- #1
FabianS
- 4
- 1
Homework Statement
I am given the first human chromosome as a long list of bases: ATGCCTGC... (I have N bases) I have to divide the the chromosome into subsequences of length L, so subsequences are as follows:
- From base 1 to base L
- From base 2 to base L+1
- From base 3 to base L+2
- ...
- From base N-L to N
I then have to take each subsequence and see how many times it is repeated throughout the genome (ideally, I could store the position at which it is repeated, as well, but it is not 100% necessary).
Once this is done, I increase L to L' = L +1, and repeat.
N is approximately 250 million base pairs.
L starts at 20.
Homework Equations
The Attempt at a Solution
I am using MATLAB do my processing. I first used Python to convert each A -> 1, T -> 2, G -> 3, C -> 4. I have tried using multiple methods, but they are just too slow.
First, I looked at the first subsequence of length L. I stored it in a hashtable, it's key being the subsequence, and value a position vector. I then moved on to the next subsequence: if that subsequence already exists in the hash table, then update the value vector to include another element: the starting position of this subsequence. If it doesn't exist, create a new key/value pair in the hash table. The problem with this method is that it requires A LOT of memory.
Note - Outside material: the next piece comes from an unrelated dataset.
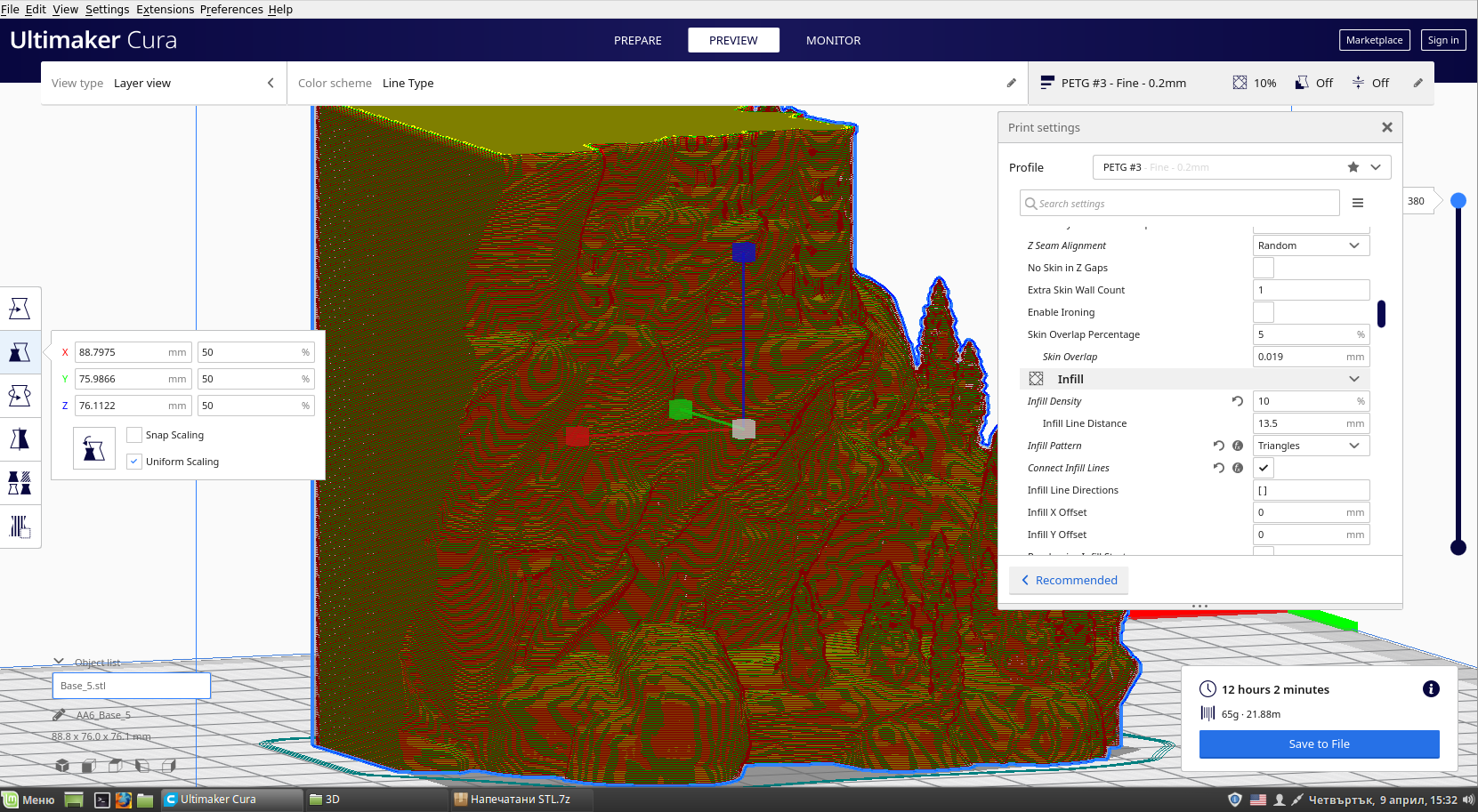 Разреших си проблема,….за слайдер използвам Simplify3d и когато съм подготвял 3D обетка за принтиране,…съм забравил да центрирам обекта в средата на леглото,…така е когато се бърза:}

I then tried the 'naive' way. I take the first subsequence, scan along the whole sequence, from 1 to N and see how many times it is repeated. I then select the second subsequence and repeat the process. This does not require so much memory (since I only store a vector of positions, and I only store them if the subsequence is actually repeated), but is extremely slow.
Now, I am using a similar method, this time implemented using the 'strfind()' function in MATLAB. Same thing as before: less memory needed and, though it is faster than method 2, it's still quite slow (around 2 seconds per subsequence... WAY too long).
I have a Dell laptop, Intel Core i5 @ 2.5GHz, with 6GB of RAM.
I am very lost on how to do this. Any help is greatly appreciated.
I am willing to use and learn a different programming language if it will render better results.